Hypokalemic periodic paralysis

What causes hypokalemic periodic paralysis?

HOKPP can be caused by mutations in any of at least 3 known genes: CACNA1S, SCN4A, or KCNJ18. All three of these genes give the body instructions to make parts of ion channels that are primarily expressed in skeletal muscle cells. Muscle contractions are triggered by the flow of ions into muscle cells. Mutations that cause HOKPP affect the usual structure or function of ion channels, impairing their ability to regulate the flow of ions into muscle cells. This, in turn, reduces the ability of skeletal muscles to contract, causing the weakness and paralysis associated with HOKPP.

Not all people with a clinical diagnosis of HOKPP are found to have a mutation in one of the genes mentioned above. This suggests that other, yet unidentified genes may also be responsible for the condition.

Last updated on 05-01-20

How is hypokalemic periodic paralysis diagnosed?

A clinical diagnosis of HOKPP is based on:

  • a history of episodes of paralysis
  • low levels of potassium during attacks, but not between attacks
  • the identification of typical "triggers" (i.e., rest after exercise, prolonged immobility)
  • a family history consistent with autosomal dominant inheritance. The diagnosis cannot be established by clinical findings alone in the absence of a known family history of the condition.

Various types of tests including blood tests, urine tests, and/or electromyograms may be used to differentiate between primary HOKPP and other possible causes of symptoms.

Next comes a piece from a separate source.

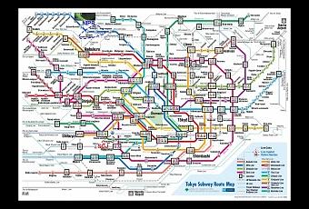 La carte ci-dessous représente les lignes des trains et métros de Tokyo. Les deux plus grandes gares sont celle de Tokyo et de Shinjuku. L’aéroport de Narita est indiqué en haut à droite et celui de Haneda en bas.

Of all individuals who meet diagnostic criteria and have genetic testing, approximately 60% have mutations in the CACNA1S gene, approximately 20% in the SCN4A gene, and approximately 3.5% in the KCNJ18 gene. No other genes have yet been found to cause HOKPP, suggesting that other, unidentified genes may be responsible for the condition.

Last updated on 05-01-20

How is hypokalemic periodic paralysis inherited?

Hypokalemic periodic paralysis (HOKPP) is inherited in an autosomal dominant manner. This means that having a change (mutation) in only one copy of one of the responsible genes in each cell is enough to cause symptoms of the condition.

In most cases, an affected person inherits the mutated gene from an affected parent. However, inheritance from a parent may sometimes be "masked" by a parent not having symptoms. This is because not all people with a mutation in a gene responsible for HOKPP develop symptoms of the condition - a phenomenon known as reduced penetrance. About 10% of males with a mutation do not develop symptoms, and a higher percentage of females do not develop symptoms. The penetrance of HOKPP appears to depend on the specific gene and mutation responsible for the condition, and the gender of the person with the mutation. For example, one reported mutation in the CACNA1S gene appears to be fully penetrant in males (100% develop symptoms) but non-penetrant in females (none develop symptoms). Identifying the responsible gene and mutation in an affected person may therefore help to assess risks to other family members.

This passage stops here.